*** DATA ***

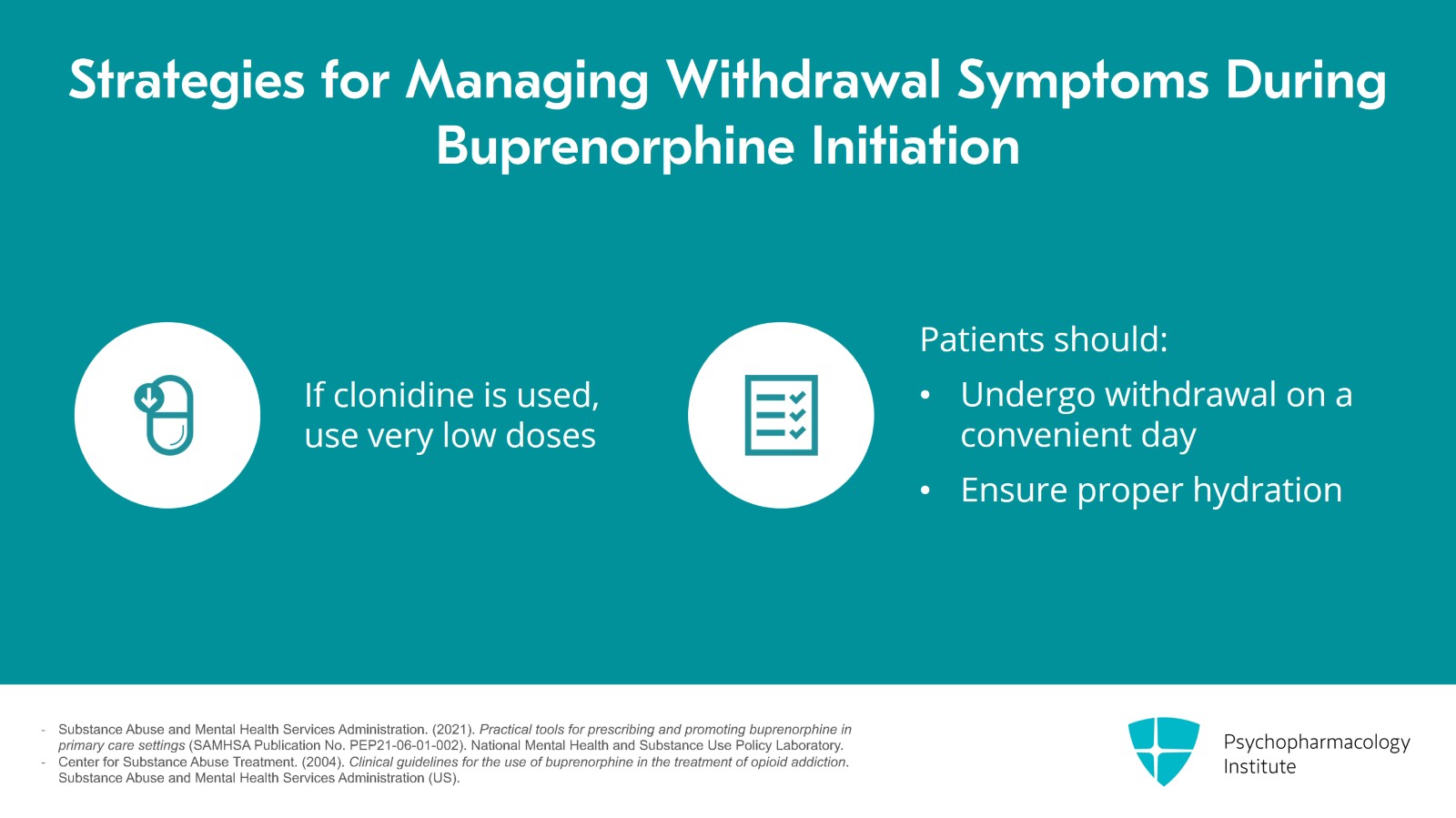 - Center for Substance Abuse Treatment. (2004). Clinical guidelines for the use of buprenorphine in the treatment of opioid addiction. Substance Abuse and Mental Health Services Administration (US).
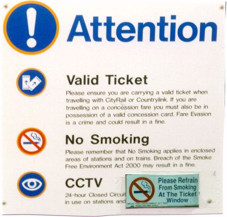 Our platform vigilantes are taking a well-earned rest while this battle turns into a paper war with politicians and bureaucrats. We have now sent three rounds of 122 letters to all members of NSW Parliament. These focussed initially on the issue of railway staff either neglecting or refusing their duties. No one seemed too interested in that. Then we challenged the Minister to say whether his adoption of the new Smokefree Environment Act in place of his own more onerous byelaws was a deliberate step backwards to allow smoking in non enclosed areas where it was previously banned or whether it was just a slip-up by his administration. We pointed out that the new signs being installed on railway stations are actually incorrect and therefore illegal There seems to be some real interest in this aspect but it has all accumulated in the Minister's "too hard" basket.
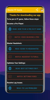 Weka Settings hakuishii tu kwenye kutoa mipangilio; inakuelekeza jinsi ya kutawala kikamilifu mchezo wa FF. Kupitia mwongozo wake wa kina, utajifunza mbinu bora za kutumia mipangilio hii kwa manufaa yako, ukigeuza ujuzi wako wa kucheza kutoka wa wastani hadi wa kiwango cha juu. Hii inakupa fursa ya kuongeza utendaji wako, kufanya maamuzi ya haraka, na hatimaye kufikia kiwango cha ustadi ambacho umekuwa ukikitamani. Ni programu muhimu kwa kila mchezaji anayetafuta makali ya ushindi na uzoefu wa michezo usio na dosari.
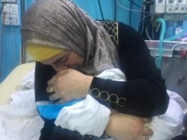 ونعت والدة الطفل، رضيعها بحرقة بالغة، قائلة "يا حرقة قلبي عليك يا أمي .. رح أشتاقلك يا طير من طيور الجنة، سريرك فاضي يا قلب أمك وأبوك وجدك، ريحته معطرة بريح المسك".
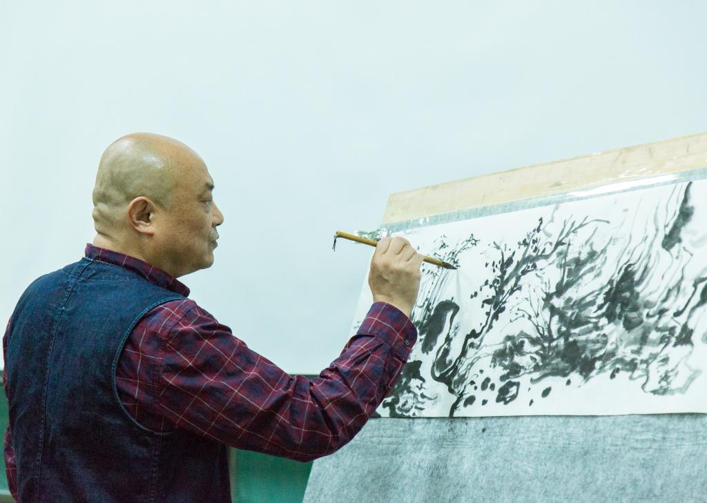 ,边画边讲解,让在场师生深入了解了《中国画的气质》,了解到数码影
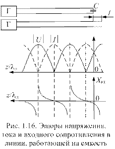 Используя результаты предыдущего раздела, нетрудно самостоятельно сделать выводы о трансформирующих свойствах коротко-замкнутой линии. Отметим лишь, что в замкнутой линии также устанавливается режим стоячей волны. Отрезок короткозамкнутой линии, длиной меньше lл / 4, имеет индуктивный характер входного сопротивления, а при длине lл / 4 такая линия имеет бесконечно большое входное сопротивление на рабочей частоте. Это свойство короткозамкнутого четвертьволнового отрезка линии позволяет использовать его в практических устройствах как «металлический изолятор». Линия, нагруженная на емкость. Как следует из анализа работы разомкнутой линии, каждой емкости С на данной частоте «можно поставить в соответствие отрезок разомкнутой линии длиной меньше lл / 4. Емкость С имеет емкостное сопротивление jXC = j / w С. Приравняем величину этого сопротивления к входному сопротивлению разомкнутой линии длиной l < lл / 4: - j / w С = - jW ctg(b l). Отсюда находим длину линии l, эквивалентную по входному сопротивлению емкости С: l = (l / b)arctg[w CW ]. Зная эпюры напряжения, тока и входного сопротивления разомкнутой линии, восстанавливаем их для линии, работающей на емкость (рис. 1.16). Из эпюр следует, что в линии, в этом случае, устанавливается режим стоячей волны. При изменении емкости эпюры сдвигаются вдоль оси z. В частности, при увеличении емкости емкостное сопротивление уменьшается, напряжение на емкости падает, и все эпюры сдвигаются вправо, приближаясь к эпюрам, соответствующим короткозамкнутой линии. При уменьшении емкости эпюры сдвигаются влево, приближаясь к эпюрам, соответствующим разомкнутой линии.

*** End of DATA ***

== WORK TASK ==
Could you output the lines above exactly, with no pictures included?

== RESPONSE TO THE TASK ==
 - Center for Substance Abuse Treatment. (2004). Clinical guidelines for the use of buprenorphine in the treatment of opioid addiction. Substance Abuse and Mental Health Services Administration (US).
 Our platform vigilantes are taking a well-earned rest while this battle turns into a paper war with politicians and bureaucrats. We have now sent three rounds of 122 letters to all members of NSW Parliament. These focussed initially on the issue of railway staff either neglecting or refusing their duties. No one seemed too interested in that. Then we challenged the Minister to say whether his adoption of the new Smokefree Environment Act in place of his own more onerous byelaws was a deliberate step backwards to allow smoking in non enclosed areas where it was previously banned or whether it was just a slip-up by his administration. We pointed out that the new signs being installed on railway stations are actually incorrect and therefore illegal There seems to be some real interest in this aspect but it has all accumulated in the Minister's "too hard" basket.
 Weka Settings hakuishii tu kwenye kutoa mipangilio; inakuelekeza jinsi ya kutawala kikamilifu mchezo wa FF. Kupitia mwongozo wake wa kina, utajifunza mbinu bora za kutumia mipangilio hii kwa manufaa yako, ukigeuza ujuzi wako wa kucheza kutoka wa wastani hadi wa kiwango cha juu. Hii inakupa fursa ya kuongeza utendaji wako, kufanya maamuzi ya haraka, na hatimaye kufikia kiwango cha ustadi ambacho umekuwa ukikitamani. Ni programu muhimu kwa kila mchezaji anayetafuta makali ya ushindi na uzoefu wa michezo usio na dosari.
 ونعت والدة الطفل، رضيعها بحرقة بالغة، قائلة "يا حرقة قلبي عليك يا أمي .. رح أشتاقلك يا طير من طيور الجنة، سريرك فاضي يا قلب أمك وأبوك وجدك، ريحته معطرة بريح المسك".
 ,边画边讲解,让在场师生深入了解了《中国画的气质》,了解到数码影
 Используя результаты предыдущего раздела, нетрудно самостоятельно сделать выводы о трансформирующих свойствах коротко-замкнутой линии. Отметим лишь, что в замкнутой линии также устанавливается режим стоячей волны. Отрезок короткозамкнутой линии, длиной меньше lл / 4, имеет индуктивный характер входного сопротивления, а при длине lл / 4 такая линия имеет бесконечно большое входное сопротивление на рабочей частоте. Это свойство короткозамкнутого четвертьволнового отрезка линии позволяет использовать его в практических устройствах как «металлический изолятор». Линия, нагруженная на емкость. Как следует из анализа работы разомкнутой линии, каждой емкости С на данной частоте «можно поставить в соответствие отрезок разомкнутой линии длиной меньше lл / 4. Емкость С имеет емкостное сопротивление jXC = j / w С. Приравняем величину этого сопротивления к входному сопротивлению разомкнутой линии длиной l < lл / 4: - j / w С = - jW ctg(b l). Отсюда находим длину линии l, эквивалентную по входному сопротивлению емкости С: l = (l / b)arctg[w CW ]. Зная эпюры напряжения, тока и входного сопротивления разомкнутой линии, восстанавливаем их для линии, работающей на емкость (рис. 1.16). Из эпюр следует, что в линии, в этом случае, устанавливается режим стоячей волны. При изменении емкости эпюры сдвигаются вдоль оси z. В частности, при увеличении емкости емкостное сопротивление уменьшается, напряжение на емкости падает, и все эпюры сдвигаются вправо, приближаясь к эпюрам, соответствующим короткозамкнутой линии. При уменьшении емкости эпюры сдвигаются влево, приближаясь к эпюрам, соответствующим разомкнутой линии.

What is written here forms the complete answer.